Tom Lane wrote: > Gregory Stark <stark@enterprisedb.com> writes: > > Could autovacuum emit log messages as soon as it sees such tables and start > > dropping them at some point later? > > We might have to rearrange the logic a bit to make that happen (I'm not > sure what order things get tested in), but a log message does seem like > a good idea. I'd go for logging anytime an orphaned table is seen, > and dropping once it's past the anti-wraparound horizon. I don't think this requires much of a rearrangement -- see autovacuum.c 1921ff. -- Alvaro Herrera http://www.CommandPrompt.com/ The PostgreSQL Company - Command Prompt, Inc.
Heikki Linnakangas wrote: >> Or we could have autovacuum just drop orphaned temp tables, *if* >> they have gotten old enough to need anti-wraparound vacuuming. >> While I'm still uncomfortable with having autovac drop anything, >> at least this would avoid the worst cases of "gee I really needed >> that data to investigate the crash". The main attractions of this >> idea are avoiding the corrupt-index issue and not doing vacuuming >> work that's 99.99% sure to be useless. > > That sounds a lot simpler and better to me. Yeah, when I read the original this one struck me as almost a no-brainer choice. cheers andrew
Alvaro Herrera <alvherre@commandprompt.com> writes: > Tom Lane wrote: >> We might have to rearrange the logic a bit to make that happen (I'm not >> sure what order things get tested in), but a log message does seem like >> a good idea. I'd go for logging anytime an orphaned table is seen, >> and dropping once it's past the anti-wraparound horizon. > I don't think this requires much of a rearrangement -- see autovacuum.c > 1921ff. So everyone is happy with the concept of doing it as above? If so, I'll work on it this weekend sometime. regards, tom lane
Tom Lane wrote: > We might have to rearrange the logic a bit to make that happen (I'm not > sure what order things get tested in), but a log message does seem like > a good idea. I'd go for logging anytime an orphaned table is seen, > and dropping once it's past the anti-wraparound horizon. Is there an easy way for an Admin clean-up the lost temp tables that autovacuum is complaining about? It seems like it could be along time and a lot of log messages between when they are first orphaned and and finally dropped due to anti-wraparound protection.

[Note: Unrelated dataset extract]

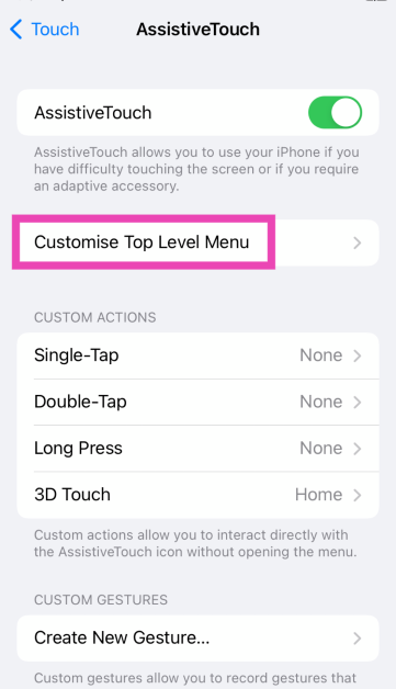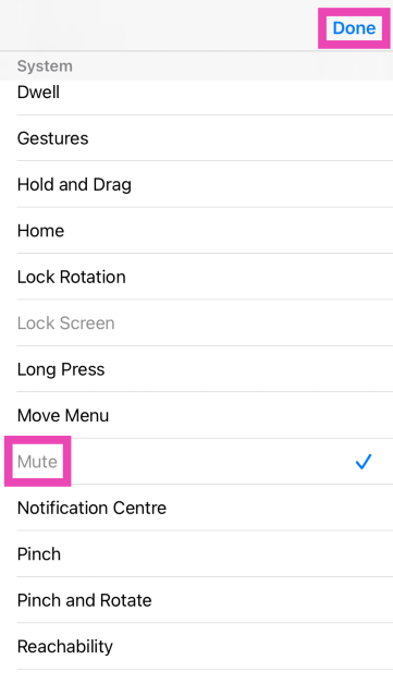 Du kan tilføje mute-indstillingen i Assistive Touch-menuen, hvis din iPhones handlingstast/advarselskontakt er ødelagt. Gå tilIndstillinger>Tilgængelighed>Berøring>Hjælpende berøring>Tilpasset topniveaumenu, vælg en handling og skift den med Lydløs.

Tom Lane writes: > Alvaro Herrera <alvherre@commandprompt.com> writes: >> Tom Lane wrote: >>> We might have to rearrange the logic a bit to make that happen >>> (I'm not >>> sure what order things get tested in), but a log message does seem >>> like >>> a good idea. I'd go for logging anytime an orphaned table is seen, >>> and dropping once it's past the anti-wraparound horizon. > >> I don't think this requires much of a rearrangement -- see >> autovacuum.c >> 1921ff. > > So everyone is happy with the concept of doing it as above? If so, > I'll work on it this weekend sometime. I think it is the most reasonable thing to do. Regarding the log messages about orphaned tables, it would be nice if you could add a hint/detail message explaining how to cleanup those tables. If that's possible. Best Regards Michael Paesold
"Matthew T. O'Connor" <matthew@zeut.net> writes: > Is there an easy way for an Admin clean-up the lost temp tables that > autovacuum is complaining about? It seems like it could be along time > and a lot of log messages between when they are first orphaned and and > finally dropped due to anti-wraparound protection. Drop the particular temp schema, maybe? The log message should probably make sure to specify the schema name. regards, tom lane
Alvaro Herrera <alvherre@commandprompt.com> writes: > Tom Lane wrote: >> We might have to rearrange the logic a bit to make that happen (I'm not >> sure what order things get tested in), but a log message does seem like >> a good idea. I'd go for logging anytime an orphaned table is seen, >> and dropping once it's past the anti-wraparound horizon. > I don't think this requires much of a rearrangement -- see autovacuum.c > 1921ff. Hmm, maybe I'm missing something but I see no good way to do it without refactoring relation_check_autovac. Since that function is only called in one place, I'm thinking of just inlining it; do you see a reason not to? regards, tom lane
Tom Lane wrote: > Alvaro Herrera <alvherre@commandprompt.com> writes: > > Tom Lane wrote: > >> We might have to rearrange the logic a bit to make that happen (I'm not > >> sure what order things get tested in), but a log message does seem like > >> a good idea. I'd go for logging anytime an orphaned table is seen, > >> and dropping once it's past the anti-wraparound horizon. > > > I don't think this requires much of a rearrangement -- see autovacuum.c > > 1921ff. > > Hmm, maybe I'm missing something but I see no good way to do it without > refactoring relation_check_autovac. Hmm, oops :-) > Since that function is only called in one place, I'm thinking of just > inlining it; do you see a reason not to? Nope, go ahead. -- Alvaro Herrera http://www.CommandPrompt.com/ The PostgreSQL Company - Command Prompt, Inc.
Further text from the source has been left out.